Consider an idealization of a problem where a robot has to navigate its way around obstacles. The goal is to find the shortest distance between two points on a plane that has convex polygonal obstacles. The shortest path from one polygon vertex to any other in the scene consists of straight-line segments joining some of the vertices of the polygon. (Note that the start and the end goal points may be considered polygons of size 0).

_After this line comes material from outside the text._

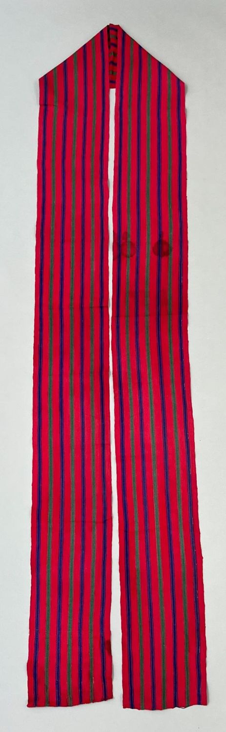 Santa Maria de Jesus, San Juan Atitlan, Guatemala, vintage woven cotton man’s "Faja" sash, red ground with green and blue color stripes, 143"l x 7"w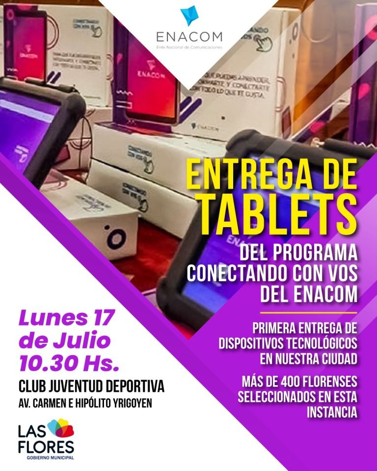 El próximo lunes 17 de julio a las 10.30 horas en el Club Juventud Deportiva, más de 400 florenses recibirán Tablets que llegan a partir de gestiones realizadas ante el ENACOM (Ente Nacional de Comunicaciones) mediante el programa “Conectando con Vos”.

Polygon 1: ((220, 616), (220, 666), (251, 670), (272, 647))

Polygon 2: ((341, 655), (359, 667), (374, 651), (366, 577))

Polygon 3: ((311, 530), (311, 559), (339, 578), (361, 560), (361, 528), (336, 516))

Polygon 4: ((105, 628), (151, 670), (180, 629), (156, 577), (113, 587))

Polygon 5: ((118, 517), (245, 517), (245, 577), (118, 557))

Polygon 6: ((280, 583), (333, 583), (333, 665), (280, 665))

Polygon 7: ((252, 594), (290, 562), (264, 538))

Polygon 8: ((198, 635), (217, 574), (182, 574))

Question: Implement an algorithm to find the shortest path from the start node to the end node using an A* (A-star) heuristic search. Use the straight-line distance to the end node as a heuristic function. Show your pseudo code for this algorithm.

Hint: Define the necessary functions to implement the search problem. This should include a function that takes a vertex as input and returns the set of vertices that can be reached in a straight line from the given vertex. You may need to implement a function that detects whether or not two line segments intersect. The problem can be solved using shortest path algorithms but you are required to use A*.